Using the data beneath this instruction, retype only the lines from the one that contains "Made for year" down to the one that contains "4年生は、ヘチマの実も収穫し", both included, exactly as they appear.

[Exercise materials]:
========================
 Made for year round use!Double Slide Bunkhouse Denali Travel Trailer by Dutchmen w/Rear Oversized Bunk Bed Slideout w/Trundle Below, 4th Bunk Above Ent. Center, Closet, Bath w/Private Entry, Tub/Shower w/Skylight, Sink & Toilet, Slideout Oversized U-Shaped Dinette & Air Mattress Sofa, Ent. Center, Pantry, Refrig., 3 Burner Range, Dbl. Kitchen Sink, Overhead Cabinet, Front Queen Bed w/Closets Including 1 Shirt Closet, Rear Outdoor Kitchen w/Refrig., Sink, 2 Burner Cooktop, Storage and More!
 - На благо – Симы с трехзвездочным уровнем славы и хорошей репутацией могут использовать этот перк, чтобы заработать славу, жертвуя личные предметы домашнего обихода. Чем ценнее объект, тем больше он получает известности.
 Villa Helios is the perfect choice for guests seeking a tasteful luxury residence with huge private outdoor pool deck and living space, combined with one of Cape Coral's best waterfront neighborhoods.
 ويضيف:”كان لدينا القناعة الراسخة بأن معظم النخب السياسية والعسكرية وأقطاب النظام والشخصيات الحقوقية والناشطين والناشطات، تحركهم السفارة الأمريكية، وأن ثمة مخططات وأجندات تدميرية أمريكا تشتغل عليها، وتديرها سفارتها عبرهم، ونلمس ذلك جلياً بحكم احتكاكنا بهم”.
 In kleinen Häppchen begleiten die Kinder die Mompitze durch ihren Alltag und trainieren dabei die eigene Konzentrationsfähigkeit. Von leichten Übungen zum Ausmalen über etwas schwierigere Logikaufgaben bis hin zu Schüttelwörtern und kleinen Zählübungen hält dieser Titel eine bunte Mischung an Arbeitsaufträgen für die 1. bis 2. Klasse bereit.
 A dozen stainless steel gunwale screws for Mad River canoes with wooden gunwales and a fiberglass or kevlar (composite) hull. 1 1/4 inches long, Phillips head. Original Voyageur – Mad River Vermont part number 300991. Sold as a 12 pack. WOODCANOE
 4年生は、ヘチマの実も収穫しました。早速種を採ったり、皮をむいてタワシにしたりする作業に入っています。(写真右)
========================
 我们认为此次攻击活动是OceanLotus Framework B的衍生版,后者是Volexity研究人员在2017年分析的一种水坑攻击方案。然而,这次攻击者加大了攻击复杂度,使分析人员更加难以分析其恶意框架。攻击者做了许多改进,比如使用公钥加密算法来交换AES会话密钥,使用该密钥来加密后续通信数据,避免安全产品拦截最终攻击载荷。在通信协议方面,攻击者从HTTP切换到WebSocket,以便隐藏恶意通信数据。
========================
[Expected output]:
 Made for year round use!Double Slide Bunkhouse Denali Travel Trailer by Dutchmen w/Rear Oversized Bunk Bed Slideout w/Trundle Below, 4th Bunk Above Ent. Center, Closet, Bath w/Private Entry, Tub/Shower w/Skylight, Sink & Toilet, Slideout Oversized U-Shaped Dinette & Air Mattress Sofa, Ent. Center, Pantry, Refrig., 3 Burner Range, Dbl. Kitchen Sink, Overhead Cabinet, Front Queen Bed w/Closets Including 1 Shirt Closet, Rear Outdoor Kitchen w/Refrig., Sink, 2 Burner Cooktop, Storage and More!
 - На благо – Симы с трехзвездочным уровнем славы и хорошей репутацией могут использовать этот перк, чтобы заработать славу, жертвуя личные предметы домашнего обихода. Чем ценнее объект, тем больше он получает известности.
 Villa Helios is the perfect choice for guests seeking a tasteful luxury residence with huge private outdoor pool deck and living space, combined with one of Cape Coral's best waterfront neighborhoods.
 ويضيف:”كان لدينا القناعة الراسخة بأن معظم النخب السياسية والعسكرية وأقطاب النظام والشخصيات الحقوقية والناشطين والناشطات، تحركهم السفارة الأمريكية، وأن ثمة مخططات وأجندات تدميرية أمريكا تشتغل عليها، وتديرها سفارتها عبرهم، ونلمس ذلك جلياً بحكم احتكاكنا بهم”.
 In kleinen Häppchen begleiten die Kinder die Mompitze durch ihren Alltag und trainieren dabei die eigene Konzentrationsfähigkeit. Von leichten Übungen zum Ausmalen über etwas schwierigere Logikaufgaben bis hin zu Schüttelwörtern und kleinen Zählübungen hält dieser Titel eine bunte Mischung an Arbeitsaufträgen für die 1. bis 2. Klasse bereit.
 A dozen stainless steel gunwale screws for Mad River canoes with wooden gunwales and a fiberglass or kevlar (composite) hull. 1 1/4 inches long, Phillips head. Original Voyageur – Mad River Vermont part number 300991. Sold as a 12 pack. WOODCANOE
 4年生は、ヘチマの実も収穫しました。早速種を採ったり、皮をむいてタワシにしたりする作業に入っています。(写真右)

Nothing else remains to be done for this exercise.